Louis Nicolas appartient à cette génération de Jésuites qui semblent avoir voulu mettre en pratique l'avis que Colbert donnait au Père de Fonteney:

"Mon père, [écrivait Colbert au P. de Fonteney], les sciences ne méritent pas que vous preniez la peine de passer les mers et de vous réduire à vivre dans un autre monde, éloigné de votre patrie et de vos amis. Mais comme le désir de convertir des infidèles et de gagner des âmes à Jésus-Christ porte souvent vos Pères à entreprendre de pareils voyages, je souhaiterais qu'ils se servissent de l'occasion, et que dans le temps où ils ne sont pas occupés à la prédication de l'Évangile, ils fissent sur les lieux quantité d'observations qui nous manquent pour la perfection des arts et des sciences."* .

Ce grand ministre de Louis XIV qui crée l'Académie des sciences* résume les deux formes d'activités qui marqueront la mission jésuite en Nouvelle-France: l'apostolat et l'observation scientifique. Nicolas témoigne d'un grand intérêt pour la seconde. D'autres, comme Lafitau et Charlevoix, viendront ajouter aux connaissances scientifiques sur la colonie.

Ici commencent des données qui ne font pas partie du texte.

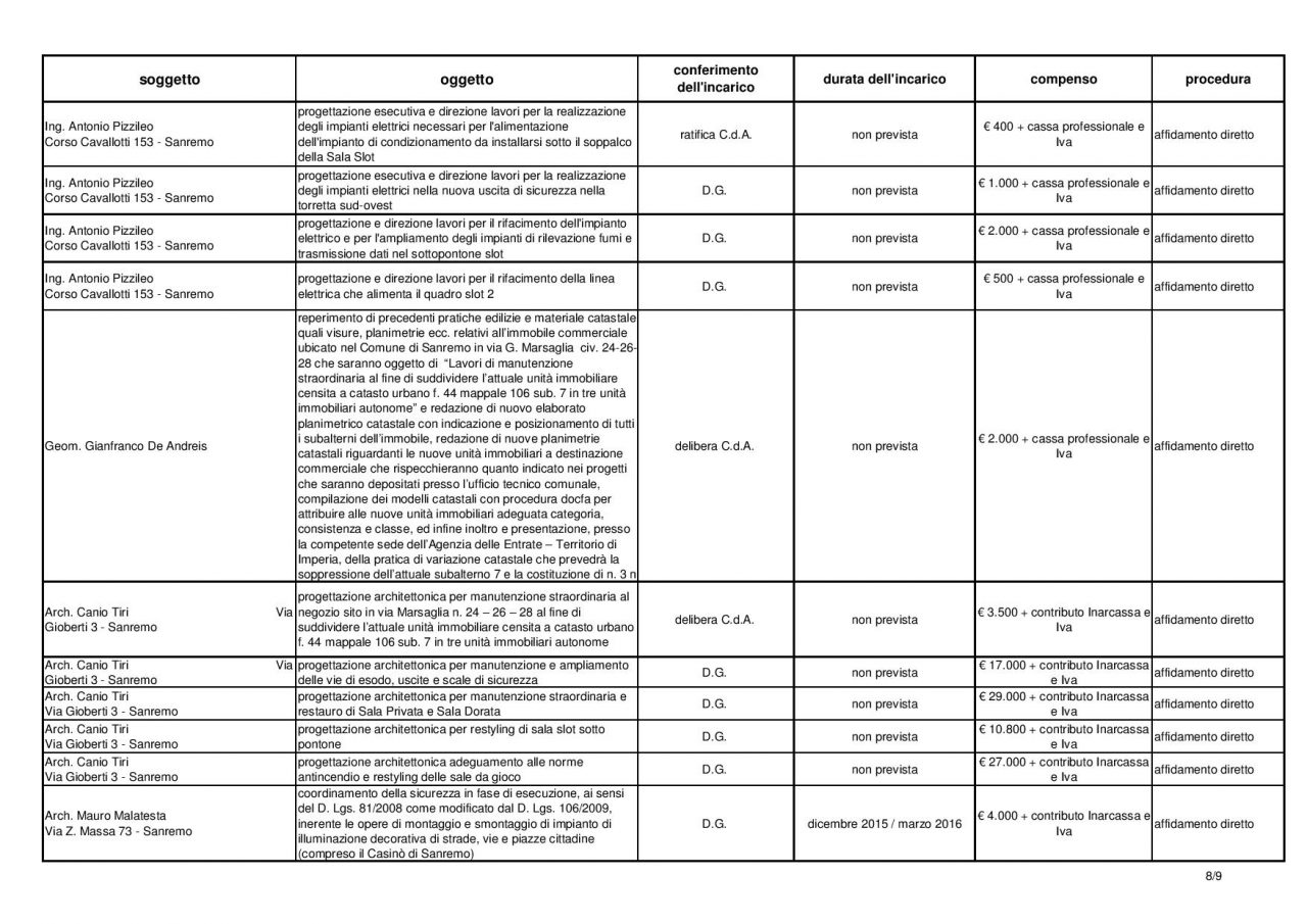 CONSULENZE CASINO’  – Ecco l’elenco: oltre un milione e 600mila euro in 30 mesi a 35 professionisti

Où se situe l'entreprise de Louis Nicolas dans le savoir botanique de son temps? Comme Foucault l'a montré "ce qui existait au XVIe siècle, et jusqu'au milieu du XVIIe siècle, c'était des histoires"*. Les botanistes du XVIe siècle ont comme source d'inspiration les descriptions écrites des Anciens telles que, par exemple, la Bible, les écrits d'Hippocrate, de Théophraste, de Dioscoride et de Pline l'Ancien. L'emphase est placée sur l'analyse critique des textes du passé. L'Historia, le Commentarii et le Theatrum véhiculent alors un savoir un peu plus près de ce que l'on observe dans la nature. Ces ouvrages deviennent le lieu de la comparaison entre les observations faites sur le terrain et les textes des Anciens. Les botanistes cherchent souvent les correspondances entre les plantes décrites par les Anciens et celles qu'ils observent dans des régions différentes au point de vue climatique. Ils constatent alors que les Anciens botanistes n'ont pas tout décrit et commentent les textes anciens. À ce titre, notons entre autres: en 1543, le De Historia Stirpium Commentarii de Leonhard Fuchs; en 1544, le Dioscorides, commentarii in sex libros Pedaciis Dioscoridis d'Andrea Matthioli; en 1576, le Rariorum Plantarum Historia de Charles de l'Escluse; et en 1586-1587, l'Historia generalis plantarum de Jacques Dalechamps. D'autres textes, comme les De Herbis décrivent les plantes observées et leurs propriétés thérapeutiques. Ces auteurs sont mentionnés par Nicolas dans l'Histoire naturelle et révèlent en partie sa conception de la botanique.